USA, 2009 (Up In The Air) Regie: Jason Reitman mit George Clooney, Vera Farmiga, Anna Kendrick, Jason Bateman 110 Min. FSK o.A.

George Clooney kann einem alles verkaufen, irgendeine Pad-Plörre als Edel-Kaffee und selbst die eigene Kündigung. Den Rausschmiss als Chance und Beginn eines neuen Lebensabschnittes zu verkaufen, ist der Job von Ryan Bingham (George Clooney), der in der Krise Hochkonjunktur hat. So ist Ryan immer unterwegs, von einer Fabrikschließung zum nächsten Heuschrecken-Massaker quer durch die USA. Er lebt in der Luft und liebt all die Sachen, die andere am Fliegen hassen. Dieser leidenschaftliche Vielflieger macht selbst die absurden Sicherheitskontrollen zu einer lässigen Performance. Ryan hat ein leichtes Leben, denn alles, was er braucht, ist in seinem Handgepäck. In Vorträgen propagiert er dafür, sich nicht nur der Last aller Besitztümer zu entledigen. Ebenso viel wiegen menschliche Beziehungen, deshalb reduziert der charmante Mann diese auch aufs Nötigste. Eine heiße Romanze im Flughafen-Hotel fängt für Ryan und Alex Goran (Vera Farmiga) damit an, dass sie sich gegenseitig mit ihrem Frequent Flyer-Status anmachen. Der Sex ist auch wild und großartig. Schwierig nur, einen gemeinsamen Termin zu finden, bei zwei Menschen, die dauernd unterwegs sind.

Die Katastrophe für Ryan tritt ein, als seine Feuer-Firma Reisekosten einsparen will und die Kündigungen nur noch über Videokonferenz laufen sollen.
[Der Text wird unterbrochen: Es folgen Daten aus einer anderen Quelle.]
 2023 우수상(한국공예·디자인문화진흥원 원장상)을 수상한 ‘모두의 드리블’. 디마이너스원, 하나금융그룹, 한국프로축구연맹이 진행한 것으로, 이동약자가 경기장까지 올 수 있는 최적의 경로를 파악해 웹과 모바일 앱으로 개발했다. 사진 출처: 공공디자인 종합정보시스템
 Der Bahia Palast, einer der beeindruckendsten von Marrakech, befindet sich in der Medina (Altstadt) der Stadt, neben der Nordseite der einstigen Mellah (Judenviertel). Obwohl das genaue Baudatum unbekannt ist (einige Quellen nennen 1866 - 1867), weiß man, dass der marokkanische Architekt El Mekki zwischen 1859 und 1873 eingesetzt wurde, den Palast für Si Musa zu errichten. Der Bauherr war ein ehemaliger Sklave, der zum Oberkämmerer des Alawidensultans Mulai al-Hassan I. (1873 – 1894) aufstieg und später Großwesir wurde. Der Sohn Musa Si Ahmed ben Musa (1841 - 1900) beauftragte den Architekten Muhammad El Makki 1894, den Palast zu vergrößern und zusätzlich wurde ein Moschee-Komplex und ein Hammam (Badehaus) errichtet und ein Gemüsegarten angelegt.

Das Rausschmeißen einer Fremdfirma anzuvertrauen, weil man selbst nicht sehen will, was man mit seinen „Sparmaßnahmen“ anrichtet, ist schon brutal. Diese ganze Angelegenheit per iChat zu „erledigen“, das ist ähnlich sensibel wie eine Beziehung per SMS zu beenden. Menschen sind auf seinen Reisen Hindernisse, aber beim Kündigen legt Ryan Wert auf Menschlichkeit. Deshalb geht er noch ein letztes Mal auf Tour, zusammen mit der jungen, naiven Computer-Expertin Natalie (Anna Kendrick), die ihre Jobs vereinfachen will. Diese Reise wird mit ein paar klugen Erkenntnissen Natalies seine Philosophie des leichten Lebens mit Handgepäck auf den Kopf stellen. Der Überflieger Ryan Bingham wird den Sinn des Lebens und des Fliegens neu verstehen.
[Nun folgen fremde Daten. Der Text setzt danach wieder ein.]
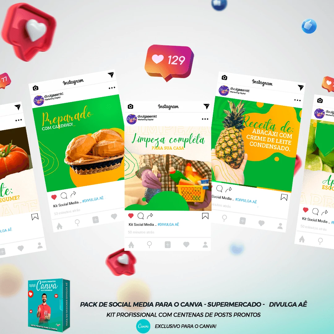 Pack de Posts Prontos para o Canva – Supermercado + Legendas Prontas
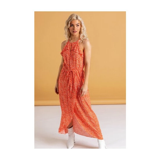 Charming and romantic, our woven maxi dress is the piece you need for the summer ahead. Our new addition is embellished by a keyhole neckline that cascades into a frill hem with a keyhole detail at the front and back. The floaty silhouette is cinched by a belted waist and flows down to a wrap front skirt with a high low hem. Whether paired with kitten heels for the night or sandals for the day, you’ll be a summer dream at any hour of the day.
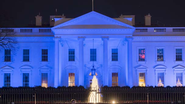 當地時間4月2日,位于華盛頓的美國白宮點亮藍色燈光,紀念世界自閉癥日。

Schon „Die Reisen des Mr. Leary“ führten vor, wie man viel von der Welt sieht, ohne von irgendwas berührt zu werden. „Up In The Air“, nach Walter Kirns Roman "Mr. Bingham sammelt Meilen", erzählt mit Witz und Weisheit, wie man viele Meilen fliegt, ohne bewegt zu werden. Mitten im Film gibt es ein tiefes, weises Gespräch über das, was man vom Leben erwartet. Das vom gerade mal 33-jährigen Regisseur Jason Reitman? Doch der Sohn von Ivan Reitman („Ghostbusters“, „Dave“) legte ja schon mit dem gefeierten und preisgekrönten „Juno“ so eine echte Geschichte aus dem Leben hin. Wieder muss man diesen Film lieben und auch die Musik gehört erneut in die Kategorie „will ich sofort haben“.
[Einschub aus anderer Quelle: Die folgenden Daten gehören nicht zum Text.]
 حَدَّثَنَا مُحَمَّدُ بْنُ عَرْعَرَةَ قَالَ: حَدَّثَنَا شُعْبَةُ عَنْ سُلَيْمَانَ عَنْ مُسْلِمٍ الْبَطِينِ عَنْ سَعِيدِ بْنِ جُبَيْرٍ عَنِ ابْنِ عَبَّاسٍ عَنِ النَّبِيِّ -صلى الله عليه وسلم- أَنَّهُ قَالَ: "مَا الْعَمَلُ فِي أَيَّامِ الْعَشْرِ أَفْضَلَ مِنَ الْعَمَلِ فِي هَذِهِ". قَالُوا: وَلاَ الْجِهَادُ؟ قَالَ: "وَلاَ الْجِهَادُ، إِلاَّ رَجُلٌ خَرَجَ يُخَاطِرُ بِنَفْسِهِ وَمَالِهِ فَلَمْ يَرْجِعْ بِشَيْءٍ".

Anfangs sieht man die Orte von ganz oben aus der Ryan-Perspektive, weit weg von den kleinen und großen Sorgen der Menschen. Flug und Flucht sind ja etymologisch verwandt, haben im Englischen und Niederländischen noch den gleichen Begriff. Rasant geschnitten ist die Dauerflucht vor Familie und Bindungen. Dann gibt ihm eine Affäre etwas Halt und man bekommt direkt Angst um die Zukunft der beiden, die gerade zueinander finden. Dass ausgerechnet der Dauer-Flieher dem Bräutigam, der vor der Hochzeit abhauen will, vom Guten der Ehe überzeugen soll, ist eine sensationelle Szene von vielen. Und es ist grandios, wie perfekt und mit so vielen feinen Noten Clooney auch diesen Typ hinbekommt. Der kann einem einfach alles verkaufen...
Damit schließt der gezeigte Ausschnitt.